# WTF: Cabarkapa cut from Serbia-Montenegro



## adarsh1 (May 28, 2003)

it says on nba.com and Zarko was cut after coming into the olympic practice thing injured and playing with other hurt players while bodiroga played with the real team...hence cabarkapa is cut


----------



## Amareca (Oct 21, 2002)

He should never have gone to Serbia to workout for the NT.

He should have stayed in Phoenix and pump iron every day. Play for the summer league team and workout every day like Lampe and Barbosa did.

Zarko is trade bait soon in my opinion. He isn't going to get any minutes at all behind Marion, Johnson, Q, Nash, Barbosa in the backcourt or 3.


----------



## Arclite (Nov 2, 2002)

Yep. And if he is, good riddance. He'll never make it in the league until he gets some strength, gets his stroke down (which won't be easy with his huge hands) and stops playing like a pansy (i.e. before Fortson killed him).


----------



## azirishmusic (Feb 25, 2004)

I feel sorry for Zarko personally, but he should have stayed in Phoenix and pumped iron the rest of the summer anyway. The only way Zarko gets minutes on this roster is by playing inside and so far he is not strong enough to do that.
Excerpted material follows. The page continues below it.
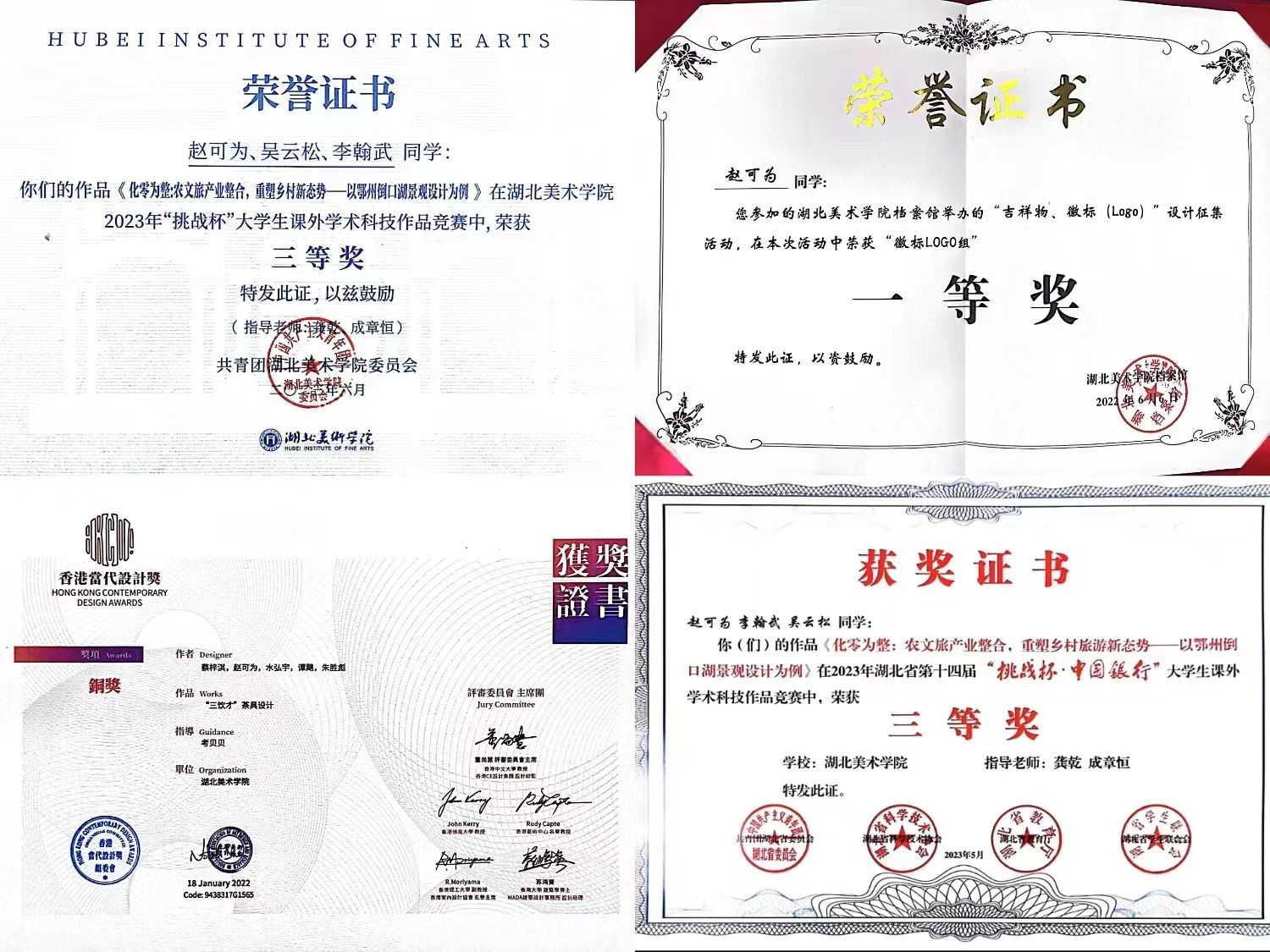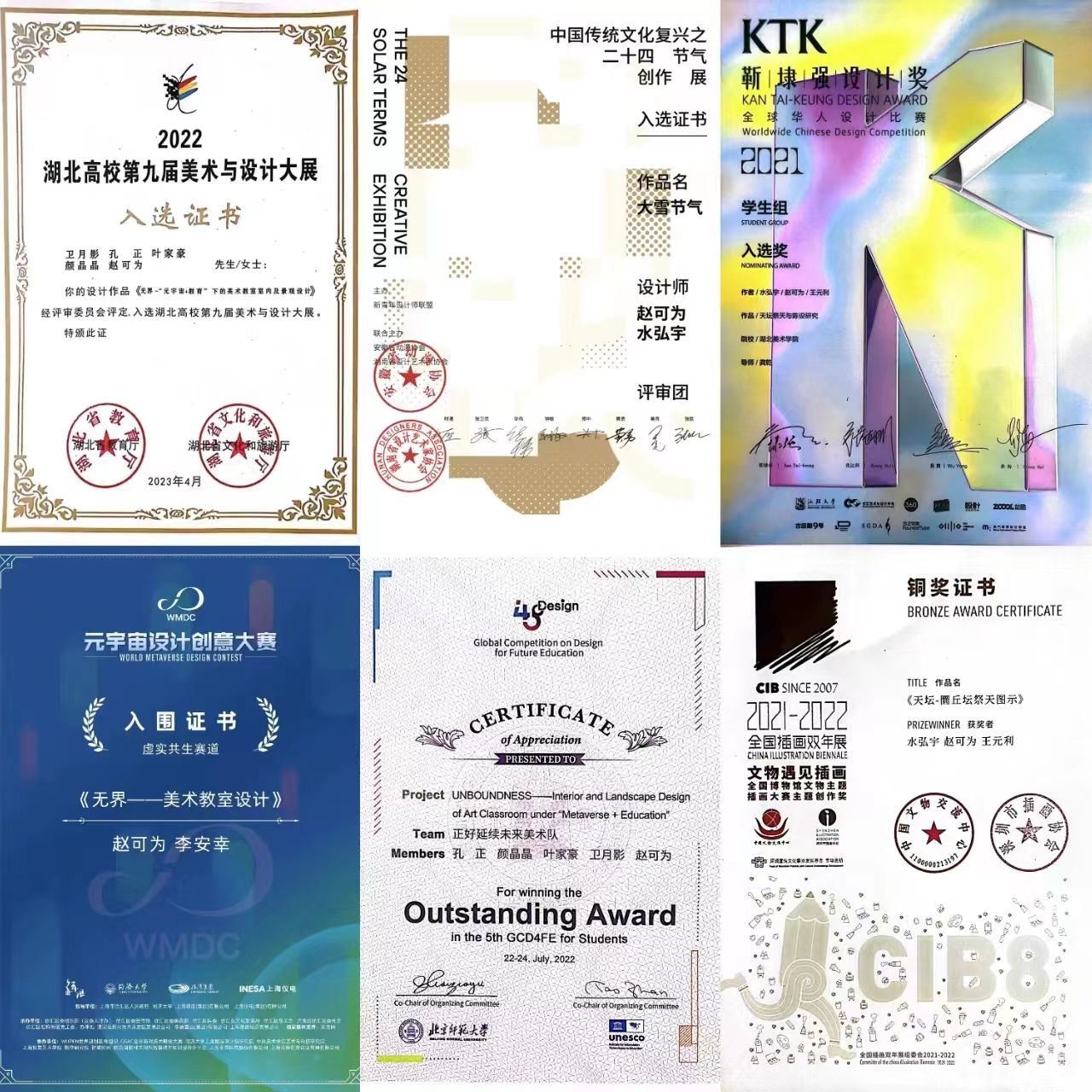 赵可为同学积极参与校内外各种学科竞赛,以优异的成绩屡获殊荣。曾获第十四届“挑战杯”大学生课外学术科技作品竞赛三等奖;2021-2022全国插画双年展铜奖;湖北高校第九届美术与设计大赛入选;KTK靳埭强全球华人设计比赛入选;联合国教科文组织全球未来教育设计大赛优秀奖;香港当代设计奖铜奖;上海徐汇区政府元宇宙设计创意大赛入选奖;获湖北美术学院档案馆设计大赛一等奖;湖北美术学院百年校庆大赛三等奖;中国传统文化复兴之二十四节气创作展入选。这些荣誉不仅是对他个人努力的肯定,也为学校争得了荣誉。在备赛过程中,赵可为展现出了高度的团队合作精神和卓越的解决问题的能力,不仅提升了自己的专业技能,也积累了宝贵的竞赛经验。

I don't expect Zarko to bulk up, but he has to be strong enough and agressive enough to defend and rebound. Otherwise, he sits.


----------



## [email protected] (Jul 31, 2003)

I agree with you BigAmare, hopefully Zarko will be trade bait. Too weak, too skinny, just too akward. I thought hopefully Fortson would have given him a wake up call to get in the gym and get stronger. Apparently not..... but it's good to hear the Barbosa and Lampe did the right thing.


----------



## Petey (Aug 23, 2002)

> Originally posted by <b>Arclite</b>!
> Yep. And if he is, good riddance. He'll never make it in the league until he gets some strength, gets his stroke down (which won't be easy with his huge hands) and stops playing like a pansy (i.e. before Fortson killed him).
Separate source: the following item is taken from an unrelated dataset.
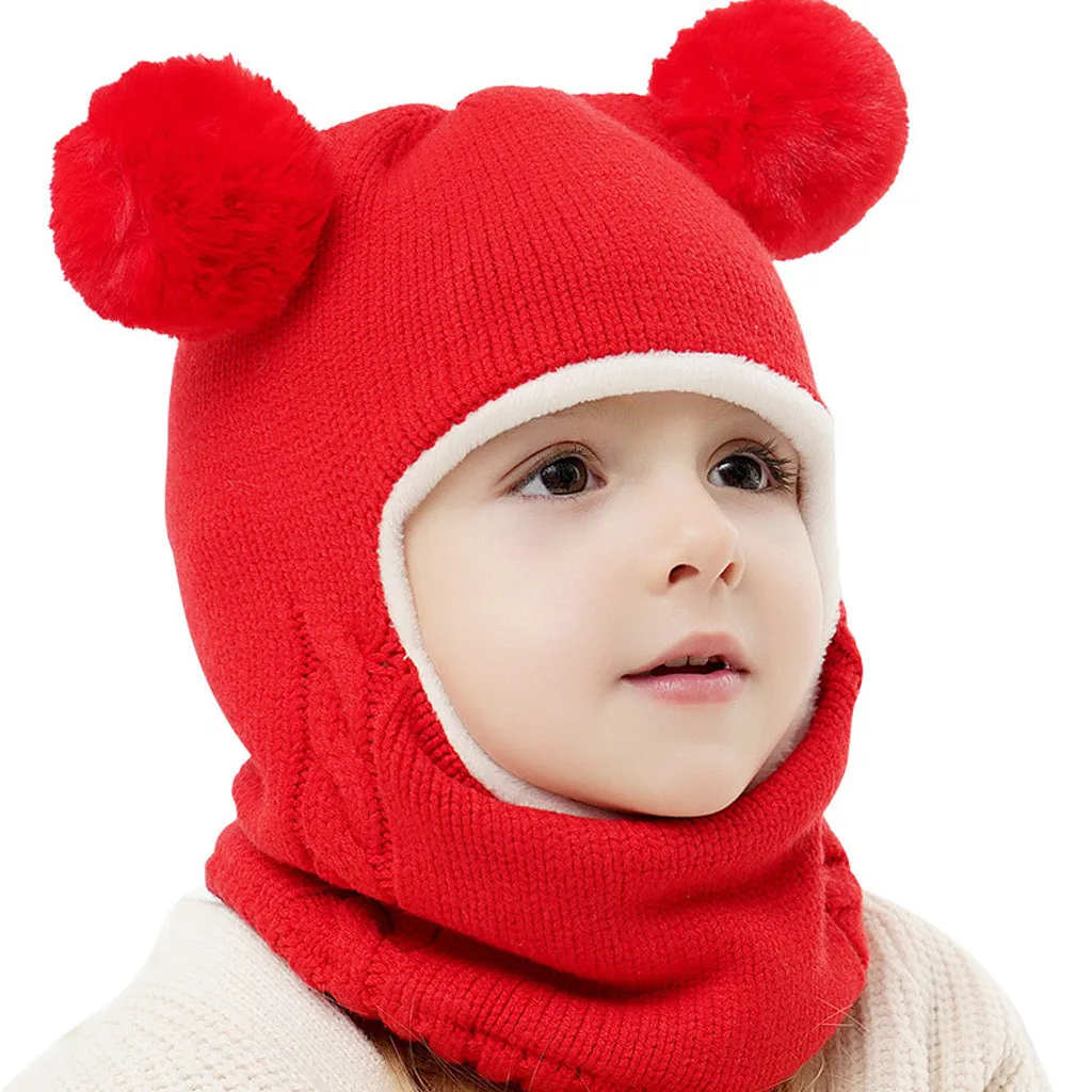 Детская шапка 2-7 лет, зимние теплые однотонные вязаные шапки с капюшоном и плюшевыми шариками с мультяшным принтом для маленьких мальчиков и девочек, шарф на шею, 2020

Ah, no wonder you traded that cap filler to me!

-Petey


----------



## Arclite (Nov 2, 2002)

Hah, no I wouldn't have done that under normal circumstances but as I told froggy I was more sad to see Voskuhl go than Zarko.


----------



## deannahum (Aug 7, 2003)

imgaine what would have happen if we took Josh Howard at 17th pick instead of Zarko...


----------



## azirishmusic (Feb 25, 2004)

Then it would have been Howard that Fortson hurt rather than Carbakapa.


----------



## The Main Man (Aug 10, 2004)

Howard would have pulled up for a jumper instead.


----------



## Tersk (Apr 9, 2004)

> Originally posted by <b>The Main Man</b>!
> Howard would have pulled up for a jumper instead.


Then he would of missed it


----------